Chakwera urges prioritization of private sector in Malawi-Mozambique bilateral engagement

Malawi President Dr. Lazarus McCarthy Chakwera has emphasized the need for Malawi and Mozambique to prioritize private sector in their bilateral engagement, stressing that the sector is the engine for social and economic growth in any country.

Chakwera has since challenged his own government and that of President Fillipe Nyusi in Mozambique to create an enabling environment for businesses to flourish.

The Malawi leader made the sentiments on Saturday when he opened the Malawi-Mozambique Business Forum in Maputo, Mozambique.

“I strongly believe that the private sector is the engine for growth and should, therefore, form an integral part of our bilateral engagement,” he said.

He said it is against this background that his government has put in place policies, the legal framework and institutions to support private sector development.

Chakwera cited the Malawi 2063 development blueprint and Malawi’s Export Strategy II (2021-2026) where the role of the private sector is expressly highlighted as being “very prominent” in the creation of wealth for the nation.

“We have carried out a number of legal, administrative and macroeconomic management reforms aimed at creating a business-friendly climate. I believe similar efforts are taking place in Mozambique, in line with the Southern African Development Community (SADC) call to member states to harmonize policy frameworks especially, pro-private sector ones. This is also good for cross border trade and investment.

“Creation of an enabling business climate is critical to the growth and development and the attraction of the much- needed Foreign Direct Investment (FDI). We note, with appreciation, recent Mozambique’s high FDI inflow statistics. According to World Bank data, net Foreign Direct Investment inflows into Mozambique increased from 11.3 percent of GDP in 2018 to 22.7 percent in 2020. The increased inflows of foreign direct investment at the time when the global economy is reeling from the impact of COVID-19 induced lockdowns cannot be taken for granted. Growing investment rates are critical for building capacity for economic growth. Investments herald increased outputs. It is, therefore, important that the two countries should strengthen economic ties in form of investment and trade for the mutual benefit of the people of both countries,” said Chakwera.

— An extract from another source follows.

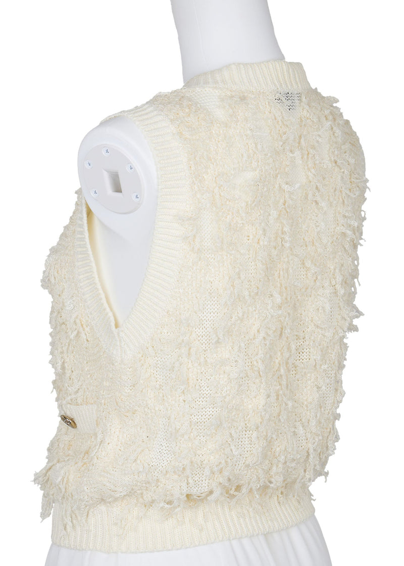 Pre-Owned Strickweste, Camisole, Baumwollmischung, Elfenbein, Goldfarbene Metallteile, Pre-Owned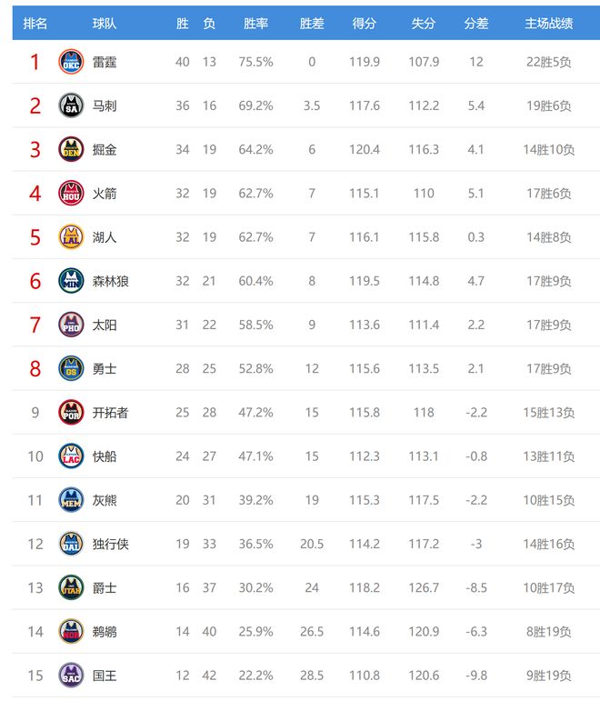 马刺赢球后4连胜,战绩36胜16负排名西部第二,领先第三的掘金2.5个胜场。

He disclosed that Malawi spends on average $300 million annually to import and export goods and much of this trade is handled through the ports of Beira and Nacala.

Chakwera said he was pleased to note the modern systems and facilities installed at the Nacala Port that will help to reduce time and cost of doing business not only for Malawian and Mozambican private sector players but also the entire private sector in the region.

According to the Malawi’s Head of State, this augurs well with the aspirations of SADC to which both Malawi and Mozambique are key members.

SADC seeks to promote sustainable and equitable economic growth and socio-economic development through efficient, productive systems, deeper co-operation and integration, good governance, and durable peace and security.

“It is pleasing to note that Malawi and Mozambique, together we are working towards this aspiration. As a way of assisting the private sector, it is important that the procedures and processes, terms and conditions, of accessing and using port facilities whether it is at Nacala or any other Port, should be facilitatory rather than hindering private sector growth. This Business Forum today exemplifies the cordial relations that exist between Malawi and Mozambique.

“There are calls that African countries should increase IntraAfrican trade as facilitated by the African Continental Free Trade Area (AfCFTA). Currently, the bilateral trade between Malawi and Mozambique is relatively low despite close proximity of major commercial and industrial hubs of the two countries. Between 2017 and 2020, Malawi’s exports to Mozambique accounted for 2 percent of Malawi’s total exports while Mozambique’s exports to Malawi represented 1 percent of Mozambique’s exports during the same period. In my view, there is scope for increased trade between our countries. One way to grow trade is to forge linkages of the private sectors of the two countries,” narrated Chakwera.

He expressed optimism that the business forum will be beneficial in many aspects, from creating trade deals and forging lasting business linkages.